Büyüğü Halil ...........
Küçüğü ise İbrahim.
Halil evli çocuklu,
İbrahim ise bekarmış.
Ortak bir tarlaları varmış iki kardeşin.
Ne mahsul çıkarsa, iki pay ederlermiş... Bununla geçinip giderlermiş....
Bir yıl, yine harman yapmışlar buğdayı. İkiye ayırmışlar....
İş kalmış taşımaya..... Halil, bir teklif yapmış:
İbrahim kardeşim; Ben gidip çuvalları getireyim.
Sen buğdayı bekle.
-Peki abi demiş İbrahim....
Ve Halil gitmiş çuval getirmeye.....
O gidince, düşünmüş İbrahim:
-Abim evli, çocuklu. Daha çok buğday lazım onun evine.
Böyle demiş ve, Kendi payından bir miktar atmış onunkine...
Az sonra Halil çıkagelmiş.
-Haydi İbrahim...! Demiş, önce sen doldur da taşı ambara.
Peki abi... !
İbrahim, kendi yiyeceğinden bir çuval doldurup düşer yola..
O gidince, Halil düşünür bu defa : Der ki:
-Çok şükür, ben evliyim, kurulu bir düzenim de var. Ama kardeşim bekar.
O daha çalışıp, para biriktirecek. Ev kurup evlenecek.
Böyle düşünerek, kendi payından atar onunkine birkaç kürek.....
Velhasıl biri gittiğinde, öbürü, kendi payından atar onunkine.
Bu, böyle sürüp gider.... Ama birbirlerinden habersizdirler.
Nihayet akşam olur. Karanlık basar.

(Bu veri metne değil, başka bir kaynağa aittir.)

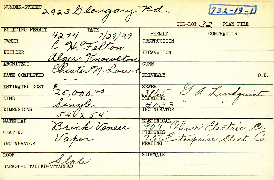 2923 Glengary Road Shaker Heights, OH 44120 PARCEL ID: 732-19-001 Building Permit Date: 07-29-1929 Plan File Number: 4437 Microfilm Roll: Roll#63 Neighborhood: Malvern Owner: Felton, C. H. Builder: Alger-Knowlton Architect: Lowe, Chester N. Estimated Cost: 25000 Kind: Single, Single Residence or Dwelling Material: Brick Veneer Heating: Vapor Roof: Slate |

Görürler ki, bitmiyor buğdaylar.
Hatta azalmıyor bile....
Hak Teala bu hali çok beğenir.
Buğdaylarına bir bereket verir, bir bereket verir ki....
Günlerce taşır iki kardeş bitiremezler. Şaşarlar bu işe....
Aksine çoğalır buğdayları. Dolar taşar ambarları.
Bugün “Bereket” denilince, bu kardeşler akla gelir.
Bu bereketin adı: Halil İbrahim bereketidir.......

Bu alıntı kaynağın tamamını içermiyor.